- **TASK TO COMPLETE**:
Give again, word for word, the lines below that run from the line with "- We’ll build" through the line with "Graphic hoodie stylized". Drop the pictures.

- **WORKING DATA**:
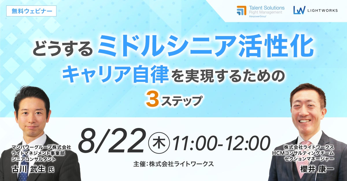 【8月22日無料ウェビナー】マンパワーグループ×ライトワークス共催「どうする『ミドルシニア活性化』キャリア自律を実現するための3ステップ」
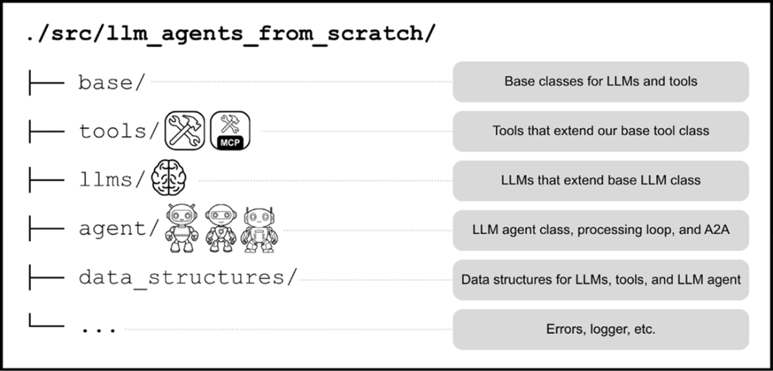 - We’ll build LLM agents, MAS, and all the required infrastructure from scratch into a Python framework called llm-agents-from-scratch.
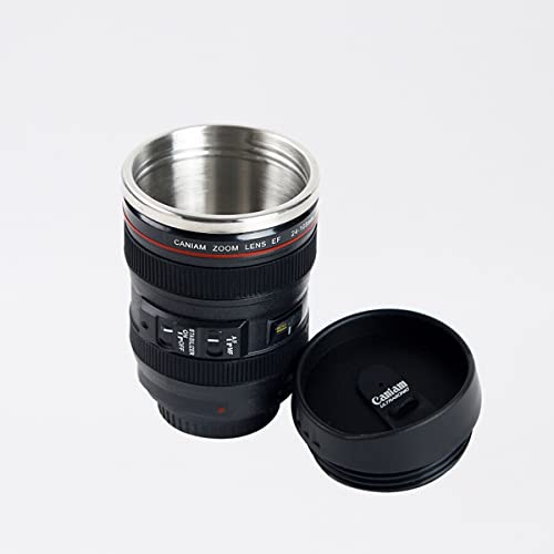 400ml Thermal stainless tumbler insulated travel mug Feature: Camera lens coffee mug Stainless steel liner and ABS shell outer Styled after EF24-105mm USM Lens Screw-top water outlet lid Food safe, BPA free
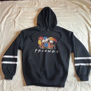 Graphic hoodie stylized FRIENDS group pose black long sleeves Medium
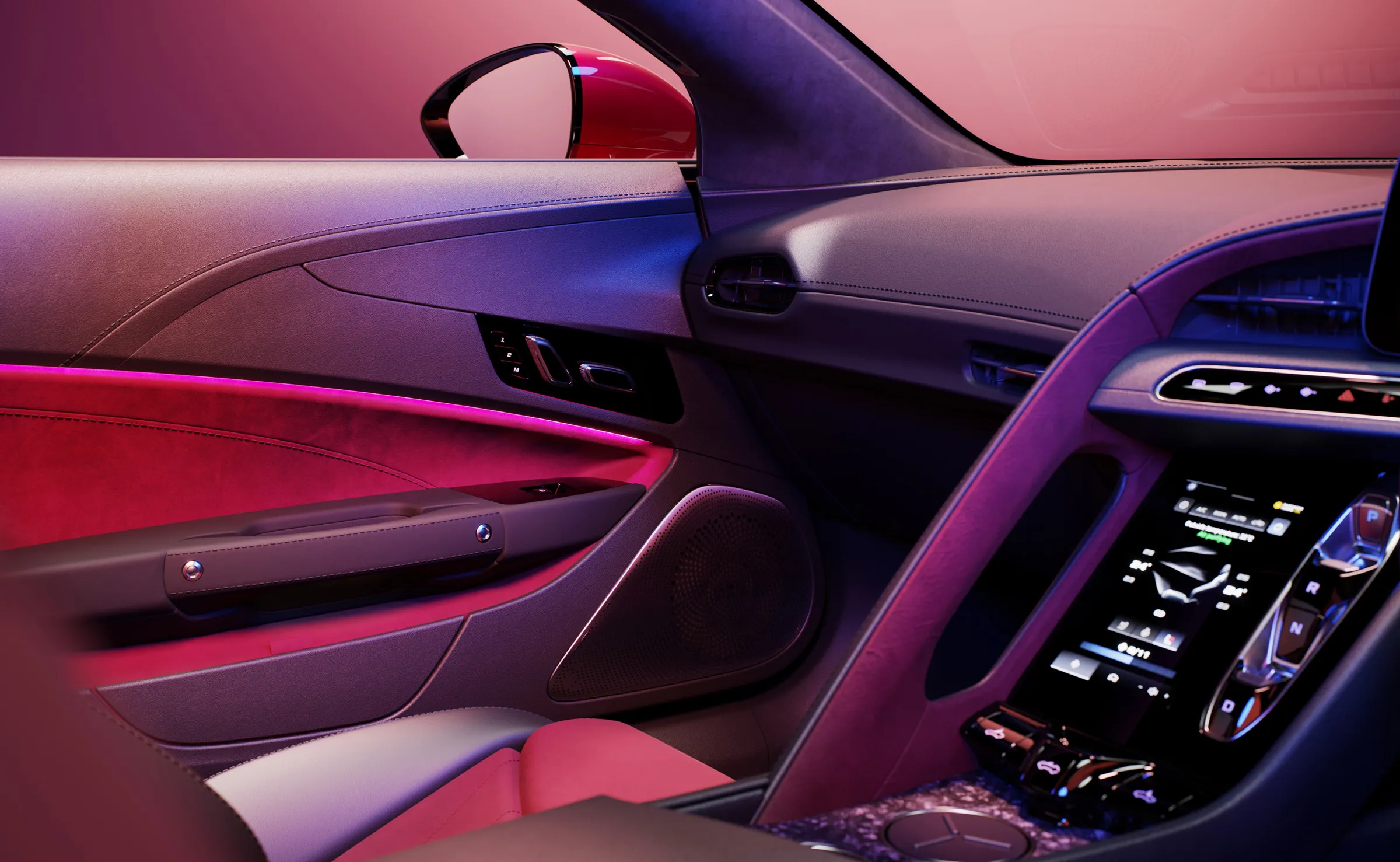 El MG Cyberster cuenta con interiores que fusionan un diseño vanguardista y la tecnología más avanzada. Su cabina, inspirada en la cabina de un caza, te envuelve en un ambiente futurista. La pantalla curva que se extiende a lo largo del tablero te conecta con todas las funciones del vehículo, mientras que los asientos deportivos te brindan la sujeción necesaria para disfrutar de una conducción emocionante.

- **RESPONSE BELOW**:
 - We’ll build LLM agents, MAS, and all the required infrastructure from scratch into a Python framework called llm-agents-from-scratch.
 400ml Thermal stainless tumbler insulated travel mug Feature: Camera lens coffee mug Stainless steel liner and ABS shell outer Styled after EF24-105mm USM Lens Screw-top water outlet lid Food safe, BPA free
 Graphic hoodie stylized FRIENDS group pose black long sleeves Medium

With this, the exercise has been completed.